Feeding and cover habitat in the lower Yuba River are virtually nonexistent.  Predatory fish abound below Daguerre Dam.  Floodplain off-channel habitat and woody debris are severely lacking, especially during when winter-spring river flows are relatively low.  Many fall-run salmon spawn in poor spawning habitat below Daguerre.  To its credit, YCWA has contributed on a voluntary basis to several habitat improvement projects in the lower Yuba River, including the ongoing restoration at Hallwood.  However, it has vigorously resisted the establishment of regulatory requirements for additional projects.

Biological Opinion (BO)

Keeping the ladders clean is already a mandate.

  • Measures shall be taken by the Corps to minimize the effects of debris maintenance and removal at the Daguerre Point Dam fish ladders.
  • When Yuba River flows exceed 4,200 cfs, the Corps shall provide notifications to NMFS on the status of debris accumulations and fish passage conditions at the Daguerre Point Dam fish ladders.
  • The Corps shall take action within 24 hours, or as soon as it is safe, to remediate fish passage conditions related to debris maintenance and removal at the Daguerre Point Dam fish ladders.
  • The Corps shall, by January 31 of each year, report to NMFS an update on previous year’s debris maintenance and removal actions, including details on amount of debris removed, the timing of removal and the conditions that triggered debris accumulation.
  • The Corps should consider predator removal at Daguerre Point Dam.

 Summary and Conclusions

Flow regimes and habitat improvements are necessary to save Yuba salmon, in addition to ladder repairs and cleaning at Daguerre Dam.  The Yuba River Accord, which has defined lower Yuba River flows since 2008, leaves too much flow in the summer by shorting flows that salmon and steelhead need in the spring.  The channel of the lower Yuba River also needs extensive physical improvement.

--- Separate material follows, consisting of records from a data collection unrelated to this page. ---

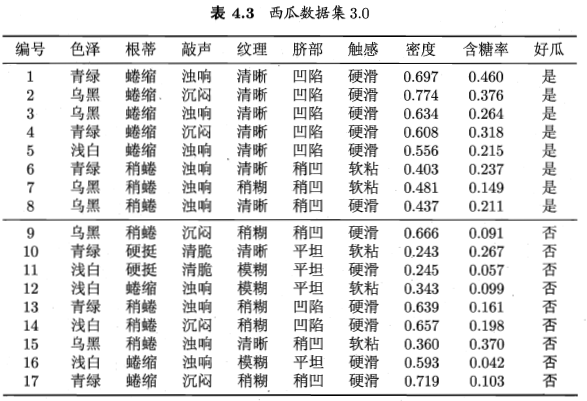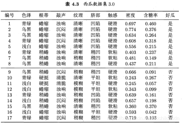 接下来,我们直接看个例子,以西瓜书上的例子来看: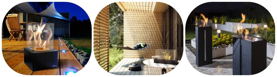 Существуют биокамины специально для работы снаружи дома, например, на балконе или террасе. В них горелка полностью прикрыта стеклянными панелями, чтобы ветер не задувал огонь. Также для улицы могут использоваться электроочаги с инфракрасной панелью. Такие можно применять даже в холодное время года для комфортного пребывания на улице, т.к. они будут нагревать предметы, на которые направлены, а также самих людей.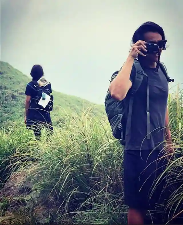身穿休闲服的彭于晏一手拿着相机好像在拍什么,但其实殊不知彭于晏自己就是一副美好的景象。虽然穿着很简单,宽松肥大的T恤和短裤搭配到一起反倒显得随性洒脱。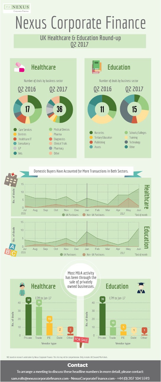 Round-up of UK Healthcare & Education M&A activity in Q2 2017

Figure 1. Yuba River salmon escapement 1953-2020.

Figure 2: Yuba River flow (cfs) March 1 – September 15, 2020 above (orange) and below (blue)
Daguerre Dam.

Figure 3. Yuba River flow (cfs) March 15 – September 15, 2021 above (orange) and below (blue) Daguerre Dam.

Figure 4. River flow (cfs) and stage (feet) in lower Yuba River below Daguerre Dam near Marysville in fall 2021.

  1. See YCWA financial report for 2021 and 2020 at https://www.yubawater.org/Archive.aspx?ADID=310, pdf p. 14.
  2. Id. Compare wet year 2019, with likely no out of basin water sales, and water sale revenues of $531 thousand.